You are browsing a read-only backup copy of Wikitech. The live site can be found at wikitech.wikimedia.org
Labsdb redaction
This is a WIP
This page is to document how the data is sanitized for the public databases that Wikimedia Cloud Services provides.
Step 1 Sanitarium
See MariaDB/Sanitarium and Labsdbs for more details.
Sanitarium has 7 mysql instances to replicate each db shard. This removes sensitive columns, tables and databases in the simple case where there are no conditions (e.g. Ensures user_password does not go into labs).
- For tables that should not be replicated, the
replicate-wild-ignore-table
mysql config option is set with the $private_tables puppet variable - For databases that should not be replicated (private wikis),
replicate-wild-ignore-table
is set with the databases from the $private_wikis puppet variable (Note, this is separate from private.dblist) - For columns that should be redacted, they are redacted via triggers that are set based on the list of columns at modules/role/files/mariadb/filtered_tables.txt
Data from this host is then replicated on to the labsdb hosts. Having this redaction done on a separate host outside of labs helps isolate the security of the data and ensure a privilege escalation on labs does not compromise the very sensitive data in the db.
There is also a report check_private_data_report to make sure redaction happened properly (FIXME: How is this run?)

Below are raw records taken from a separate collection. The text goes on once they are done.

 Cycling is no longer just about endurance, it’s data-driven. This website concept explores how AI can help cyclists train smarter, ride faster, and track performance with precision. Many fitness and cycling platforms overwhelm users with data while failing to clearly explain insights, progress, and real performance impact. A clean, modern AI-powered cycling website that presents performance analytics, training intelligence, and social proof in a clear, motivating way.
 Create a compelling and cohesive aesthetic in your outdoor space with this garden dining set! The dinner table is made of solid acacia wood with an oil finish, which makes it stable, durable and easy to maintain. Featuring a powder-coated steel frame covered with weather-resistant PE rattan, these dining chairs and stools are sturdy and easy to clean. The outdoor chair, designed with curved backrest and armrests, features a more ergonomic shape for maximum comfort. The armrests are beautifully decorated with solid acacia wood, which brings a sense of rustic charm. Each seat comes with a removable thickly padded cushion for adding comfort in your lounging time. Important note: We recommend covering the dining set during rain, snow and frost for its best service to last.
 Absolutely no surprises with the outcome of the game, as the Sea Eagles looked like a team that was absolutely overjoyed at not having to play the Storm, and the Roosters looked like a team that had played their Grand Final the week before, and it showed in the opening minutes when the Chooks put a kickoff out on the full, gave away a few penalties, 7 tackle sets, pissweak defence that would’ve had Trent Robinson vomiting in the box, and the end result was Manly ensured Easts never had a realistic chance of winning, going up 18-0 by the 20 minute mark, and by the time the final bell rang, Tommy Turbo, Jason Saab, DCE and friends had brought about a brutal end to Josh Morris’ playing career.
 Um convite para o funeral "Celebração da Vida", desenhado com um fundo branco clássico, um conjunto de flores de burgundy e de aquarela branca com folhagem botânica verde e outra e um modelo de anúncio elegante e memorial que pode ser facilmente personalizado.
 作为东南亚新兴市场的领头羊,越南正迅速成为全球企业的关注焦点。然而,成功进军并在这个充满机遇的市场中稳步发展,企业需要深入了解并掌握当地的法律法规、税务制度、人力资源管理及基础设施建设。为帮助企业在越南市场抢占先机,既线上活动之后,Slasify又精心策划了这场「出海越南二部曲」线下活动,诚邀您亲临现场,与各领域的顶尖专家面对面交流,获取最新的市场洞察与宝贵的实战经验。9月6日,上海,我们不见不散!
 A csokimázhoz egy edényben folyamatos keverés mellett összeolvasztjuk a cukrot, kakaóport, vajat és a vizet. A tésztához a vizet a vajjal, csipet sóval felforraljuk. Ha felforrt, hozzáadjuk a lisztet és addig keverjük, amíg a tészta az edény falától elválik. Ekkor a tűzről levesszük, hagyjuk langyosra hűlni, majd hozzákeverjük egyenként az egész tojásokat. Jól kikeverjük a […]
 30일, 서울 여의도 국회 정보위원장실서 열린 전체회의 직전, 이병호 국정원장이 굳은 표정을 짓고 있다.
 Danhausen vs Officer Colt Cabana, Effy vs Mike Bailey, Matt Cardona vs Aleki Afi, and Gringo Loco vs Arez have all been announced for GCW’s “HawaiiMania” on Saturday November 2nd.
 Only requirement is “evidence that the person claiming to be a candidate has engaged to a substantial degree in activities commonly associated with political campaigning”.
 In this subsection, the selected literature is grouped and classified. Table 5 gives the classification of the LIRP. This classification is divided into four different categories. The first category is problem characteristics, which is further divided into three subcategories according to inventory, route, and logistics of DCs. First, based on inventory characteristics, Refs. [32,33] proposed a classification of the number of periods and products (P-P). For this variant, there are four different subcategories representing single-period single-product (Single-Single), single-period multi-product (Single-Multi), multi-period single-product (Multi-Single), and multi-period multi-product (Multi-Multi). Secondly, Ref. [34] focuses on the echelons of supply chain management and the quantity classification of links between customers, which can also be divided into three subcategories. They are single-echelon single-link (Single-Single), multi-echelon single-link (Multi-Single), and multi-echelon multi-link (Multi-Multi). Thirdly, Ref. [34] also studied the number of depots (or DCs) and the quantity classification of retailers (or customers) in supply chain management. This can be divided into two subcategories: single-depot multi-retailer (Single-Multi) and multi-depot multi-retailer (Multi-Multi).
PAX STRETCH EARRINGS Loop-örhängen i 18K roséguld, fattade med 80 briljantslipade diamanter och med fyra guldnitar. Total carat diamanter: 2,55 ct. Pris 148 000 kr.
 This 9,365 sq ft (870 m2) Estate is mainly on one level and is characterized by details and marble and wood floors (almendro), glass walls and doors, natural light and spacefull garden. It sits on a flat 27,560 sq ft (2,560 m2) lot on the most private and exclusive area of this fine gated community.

The code related to sanitarium currently lives in operations/puppet in modules/role/files/mariadb
.
- modules/role/files/mariadb/redact_sanitarium.sh Add triggers to redact the appropriate columns
- modules/role/files/mariadb/filtered_tables.txt What columns to filter
- modules/role/files/mariadb/check_private_data_report and check_private_data.py Audit to make sure no private data is there
- $private_wikis and $private_tables in manifests/realm.pp
Formerly this used to be part of operations/software/redactron.git, but that repo is no longer used.
Step 2 Labsdb views
In operations/puppet.git modules/role/templates/labs/db/views/maintain-views.yaml contains views that define what is public. This contains conditional redactions that cannot be done at sanitarium (e.g. revision delete), and also serves as defense in depth in case one of the sanitarium redactions fail.
Document redaction decisions
TODO: include documentation/rationale on any info publicly exposed that is not publically exposed by MW.
Other
Note: operations/software/redactron.git and operations/software/labsdb-auditor.git contain historical software which is no longer used.